FPI Quick Look Data Description

The Quick Look data are produced for both Burst and Survey data, and are made available to the scientific community and the public by the MMS Science Data Center. This data set includes provisional Level-2 moments, ion energy spectra, and electron pitch-angle distributions. Descriptions for these are the same as those given above for the SITL data.

FPI Level-2 Data Description

The Level-2 data are the basic research data provided for use by MMS instrument teams and the scientific community. They are released 30 days after receipt of data from the spacecraft. They are produced for both the Burst and Survey data. They incorporate updates to calibration factors developed during that 30 day interval. The basic scientific quantities are the phase space densities and the plasma moments. Additionally, uncertainties in these quantities are provided at the one-sigma level. These uncertainties are based entirely on Poisson statistics, i.e. the counting statistics (Gershman et al. 2015a, 2015b).

The Level-2 data product also provides information suitable for producing visualizations of the 3D skymaps in the forms of: (1) Energy-time ion spectrograms (ion flux versus time) for a set of 6 directions (sunward, antisunward, dusk, dawn, and ecliptic north and south). (2) Electron pitch angle spectrograms (electron flux versus time) that subsume energy information by summing or averaging over several specific sets of energies. (3) Energy-time spectrograms for electrons sorted into parallel, anti-parallel, and perpendicular angular ranges to differentiate regions of differing magnetic topology for the purpose of identifying magnetic field aligned structures.

7 Summary

The MMS Fast Plasma Investigation measures electron and ion differential directional flux distributions on MMS at high temporal resolution. Our approach to conducting these measurements is to use for each species, electrons and ions, eight \(180^{\circ}\) top hat spectrometers, packaged as dual spectrometers that we refer to as DES for electrons and DIS for ions. The two sets of four spectrometers on each spacecraft are supported by a single block redundant IDPU that communicates with the Instrument Suite CIDP, controls the spectrometers, and collects data from them.

The spectrometers were designed and built with high precision and uniformity, as verified by instrument test and calibration. Extensive ground calibration gave a solid base line for understanding the behavior of the sensors. An extensive program of in-flight calibration is executed for the purpose of maintaining a high standard of instrument calibration for all units. Quantities of interest in this calibration program include the detector systems’ operating points, detection efficiencies, and HV stepping supply performance.

Table 11 provides information on mass, power, and data rates for the major components of FPI. Figure 58 shows the three primary FPI elements mounted for flight on an MMS observatory. Figure 58a shows a DES (left) and DIS (right), with solar panel cells visible in the background. The spectrometers are shown hanging off the bottom side of the instrument deck. In this flight photo, the spacecraft z-axis points upward and, as the spacecraft spins, the two spectrometers would spin past the viewer from left to right. Figure 58b shows a flight IDPU also mounted for flight on an MMS observatory.

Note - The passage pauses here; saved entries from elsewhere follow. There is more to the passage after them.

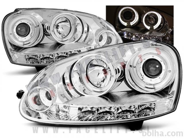 Halogenski žarometi z LED Angel Eyes obročki za pozicijske luči in lečo za kratki snop. Žarometi so novi, z garancijo. V kompletu prejmete par, levi in desni žaromet.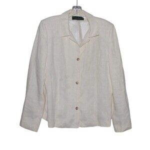 Harve Benard Blouse Linen Top Womens 12 Ivory Long Sleeves Size 12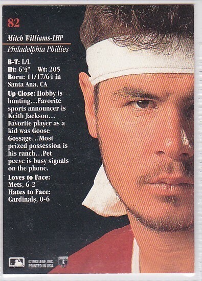 M) 1993 Leaf Studio MLB Baseball Trading Card - Mitch Williams #82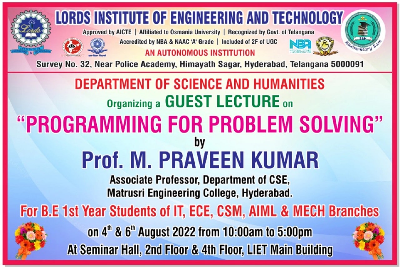 Guest Speaker: Prof. M Praveen Kumar, Associate Professor, Department of CSE, Matrusri Engineering College, Hyderabad.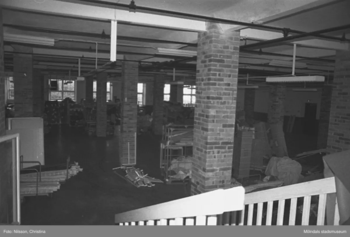 Sal med kvarlämnade saker och tegelpelare i August Werners fabriker i Lindome. Hösten 1994.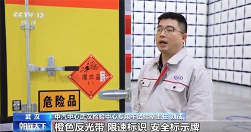 中汽中心武汉检验中心专用车试验室主任 刘成:像这辆车的反光标识、橙色反光带、限速标识、安全标示牌、危险货物标识,以及箱体颜色都是危险货物车辆视觉安全系统的组成要素。这不再是一个简单的标识,而是一个由多个元素构成的复合体系。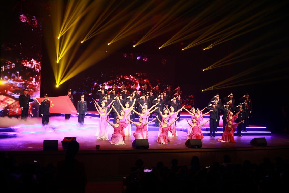 晚会现场,在一束束璀璨的灯光里,美丽的姑娘用她们铿锵有力的舞姿,灿烂的笑容与市工商行政管理局合唱队联合演绎了晚会开场节目《光荣与梦想》,通过舞蹈与合唱的完美演绎,给观众展现了一幅气势磅礴的场面,震撼了现场的每一位观众。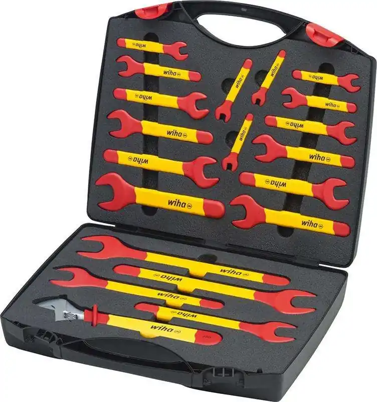 ZESTAW KLUCZY PŁASKICH DWUSTRONNYCH 9szt. FORMATKlucze płaskie dwustronne DIN3110 9-cz, FORMATZawartość zestawu: 6 x 7, 8 x 9, 10 x 11, 12 x 13, 14 x 15, 17 x 19, 19 x 22, 24 x 27, 30 x 32 mmWykonanie: DIN 3110, ISO 3318. Ze stali chromowo-wanadowej, odkuwany, chromowany matowo, odchylenie osi szczęk 15°, z płaskimi główkami i chwytną, owalną rękojeścią. Dostawa w kartonie.
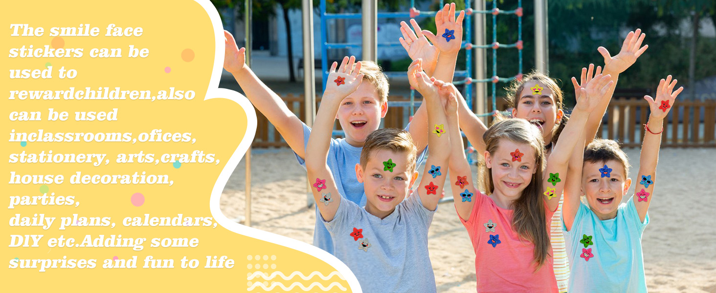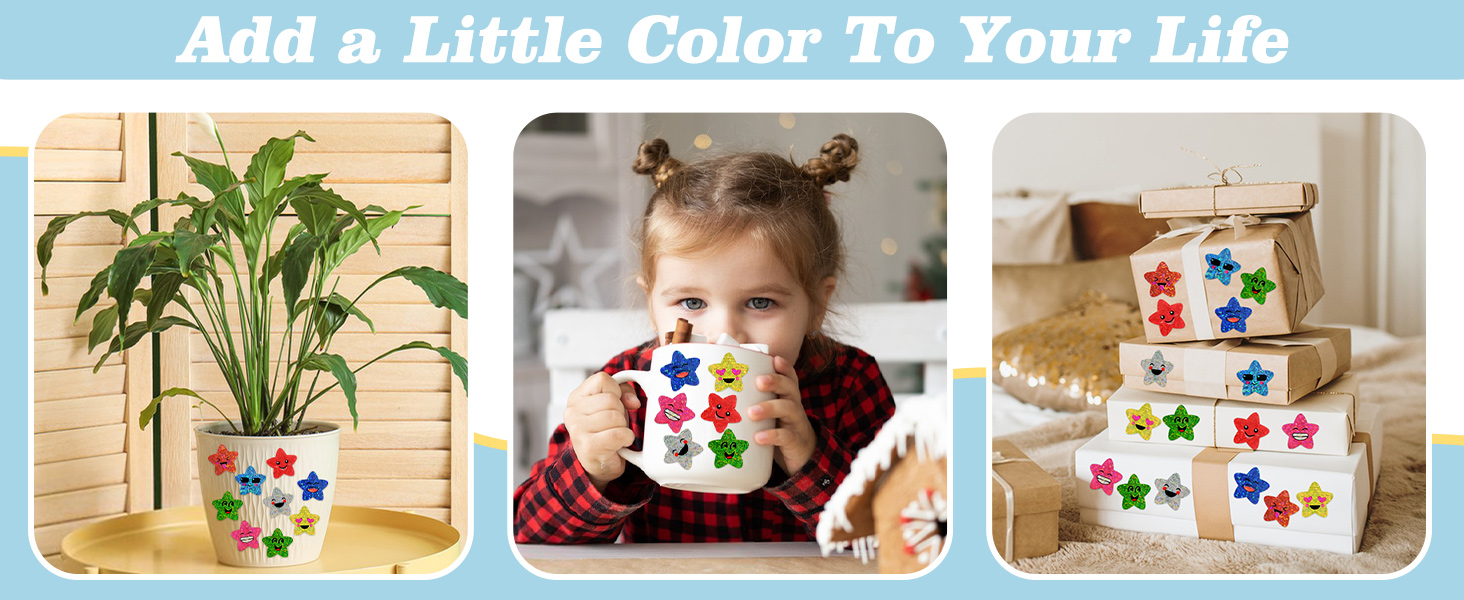 This pack of 700 one-inch smiley face star stickers features 8 vibrant colors and expressions printed on durable, waterproof metallic foil. Designed for easy peeling and residue-free sticking, these glittery stars are perfect for teachers and parents to reward kids, decorate planners, gifts, and more, making motivation visually irresistible.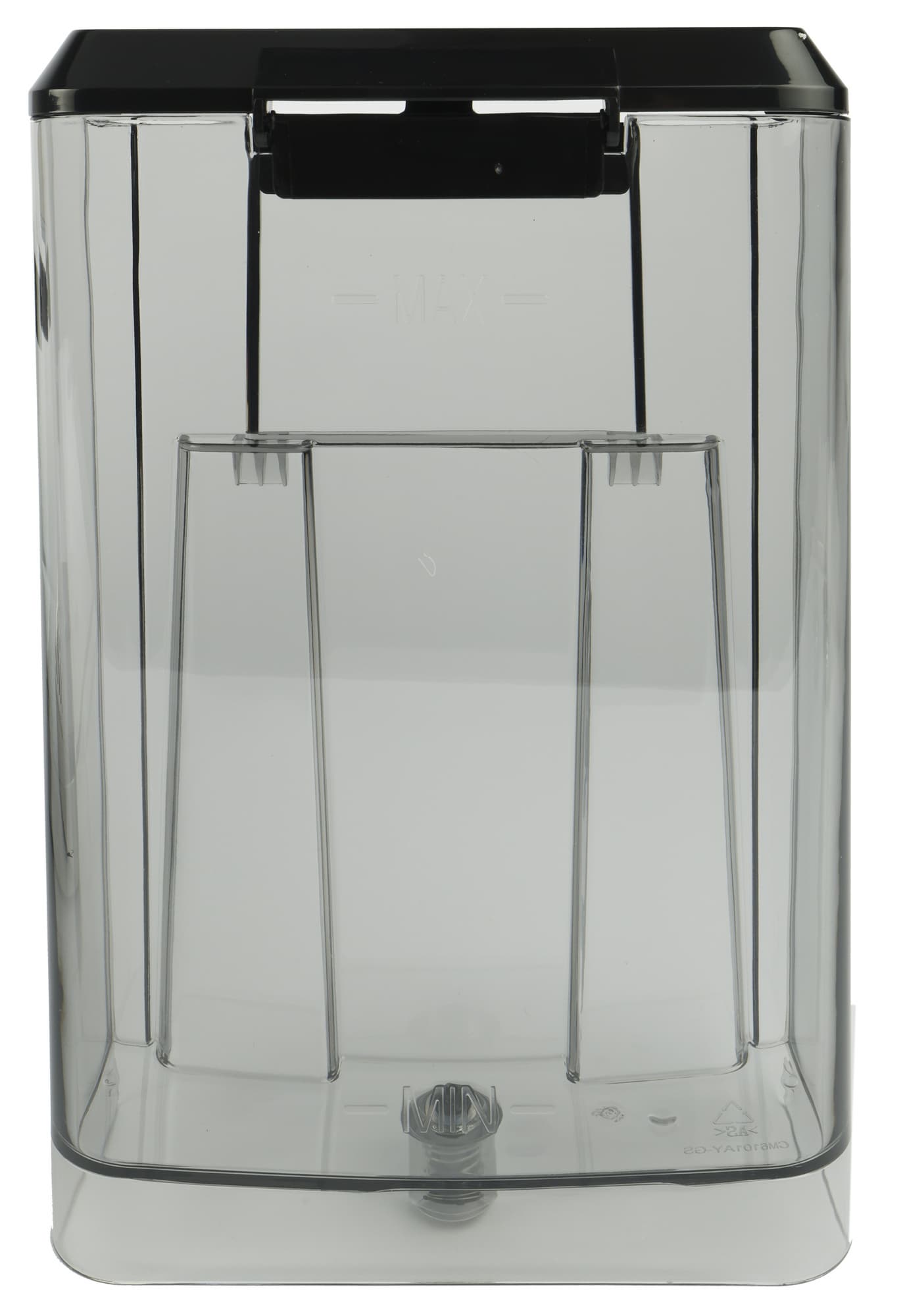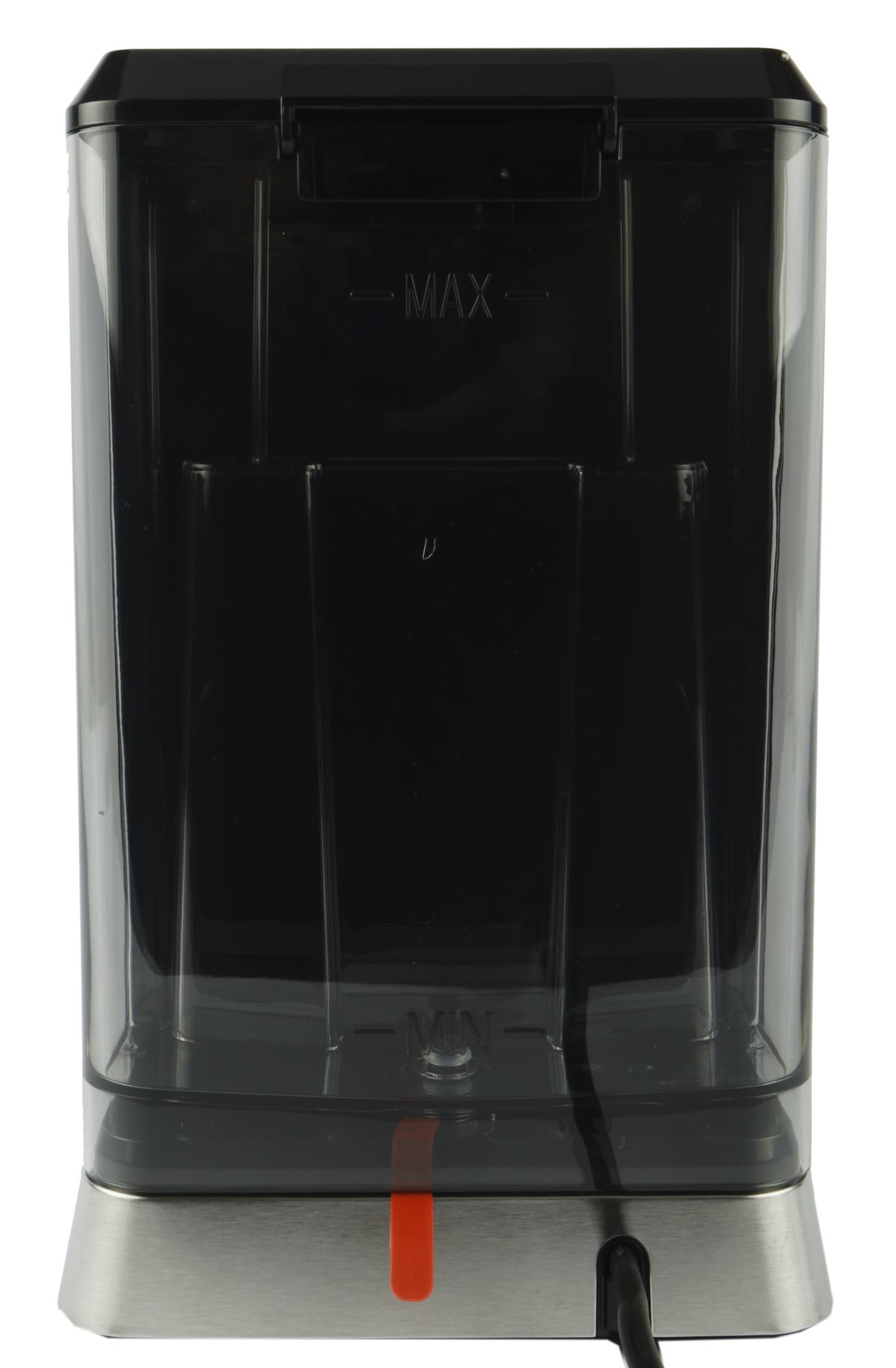 Контейнер для воды сделан из прозрачного затемненного пластика. Объем довольно большой — целых 1,5 литра, что предполагает активное использование и кофеварки, и капучинатора. Отметки Min и Max, соответствующие минимальному и максимальному уровню воды находится сзади, так что увидеть их получится лишь полностью сняв бак. Мы же, как водится, предпочитаем доливать воду сверху. Для этого у кофеварки предусмотрена откидная пластиковая крышка. В корпусе прибора контейнер фиксируется с легким щелчком. Специальной ручки или другого подобного механизма не предусмотрено.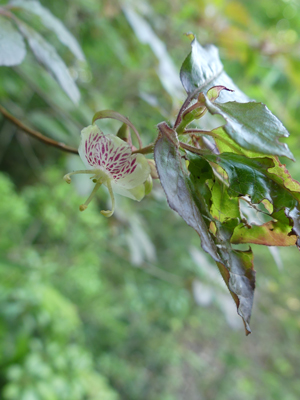 | バイカツツジ 標高が低いせいか、もう咲いていました。不思議な形の花です。 |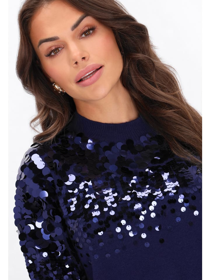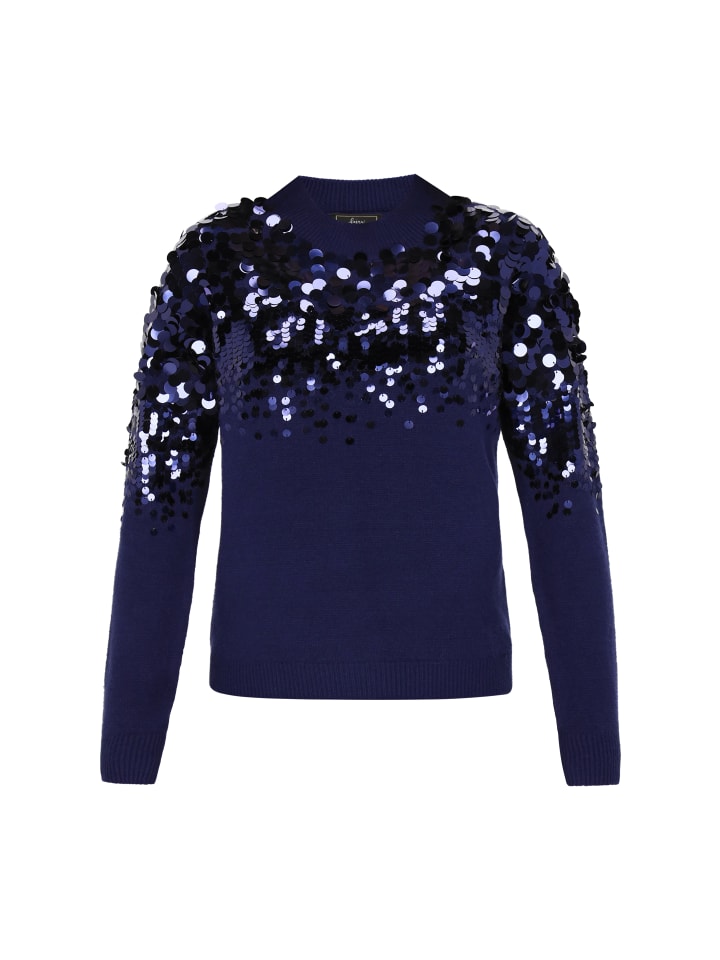 Стильный свитер из коллекции Faina, сочетающий в себе комфорт и элегантность. Изготовлен из мягкого трикотажного полотна, он обеспечит комфорт как на каждый день, так и для особых случаев. Прямой крой, классический круглый вырез горловины и длинные рукава делают его универсальным предметом одежды. Верхняя часть украшена эффектными пайетками, которые создают блестящий узор, благодаря чему свитер идеально подходит для создания праздничного, шикарного и модного образа.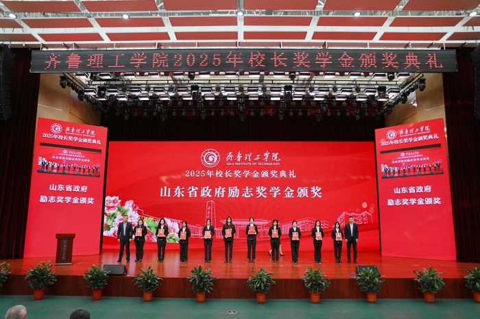 The 2025 President’s Scholarship Award Ceremony of QIT was held at the Cultural and Sports Hall of Jinan Campus on December 24. President Chang Cuiming attended the ceremony, along with other school leaders, responsible persons from teaching units and relevant departments, award-winning students, and student representatives. Vice President Hu Yang presided over the ceremony.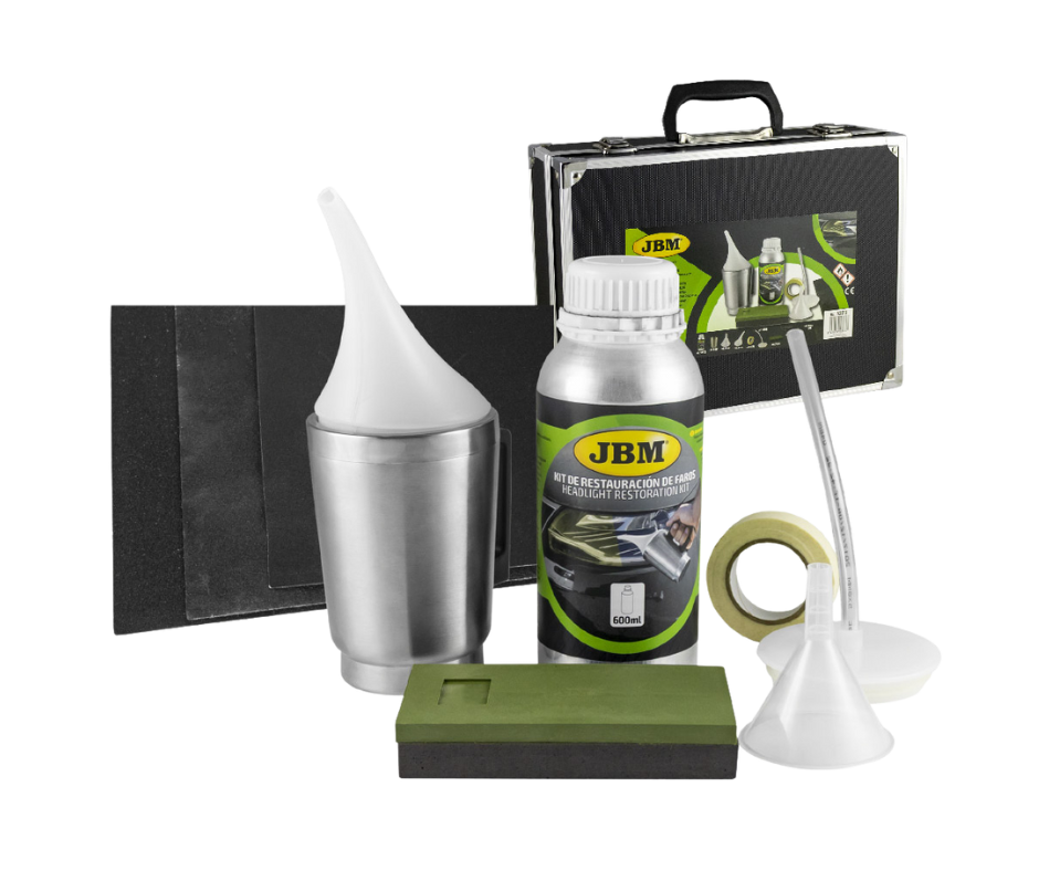 O kit de restauração de faróis JBM com polímero líquido é um sistema inovador que permite restaurar os faróis queimados pelo sol, restaurando o estado novamente, com o brilho original e um acabamento perfeito de maneira muito rápida e económica.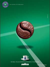 L'espresso italiano escende sui campi da tennis nella campagna cross media ideata da Armando Testa per comunicare l'accordo triennale tra Lavazza e Wimbledon. I mezzi coinvolti sono tv, stampa, internet affissione, promocard e altri materiali Btl.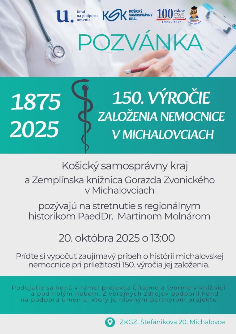 Dňa 20.10.2025 sa v našej knižnici uskutočnila prednáška spojená s besedou s historikom Zemplínskeho múzea v Michalovciach PhDr. Martinom Molnárom na tému 150.výročie založenia nemocnice v Michalovciach. Dozvedeli sme sa, že zriaďovacia listina bola z roku 1875 a do prevádzky sa nemocnica dostala 01.12.1876.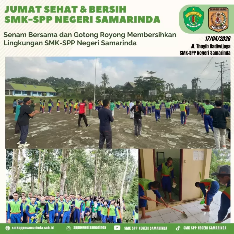 Jumat (17/04/2026) Hari ini warga SMK-SPP Negeri Samarinda mengawali pagi dengan energi positif Mulai dari senam bersama yang bikin bugar, dilanjutkan dengan gotong royong membersihkan lingkungan sekolah tercinta.

Like the spectrometers, the IDPU hangs upside down from the instrument deck, though internal to the spacecraft with no view to the external plasma.

Fig. 58
figure 58

Elements of the FPI, installed and ready for flight

Table 11 FPI mass, power, and data rate

This approach of deploying many instruments to perform the FPI measurements required an unusually large effort in the manufacture, test, calibration, and documentation of flight hardware, which comprises 36 fully functional flight boxes (64 top hat plasma spectrometers packaged in pairs and 4 IDPUs). Innovation was required and important lessons were learned. FPI’s high time resolution and quality sensor designs and their characterizations will enable new discoveries exploring Earth’s magnetospheric electron and ion phase space distributions in and near the diffusion regions of reconnecting plasmas.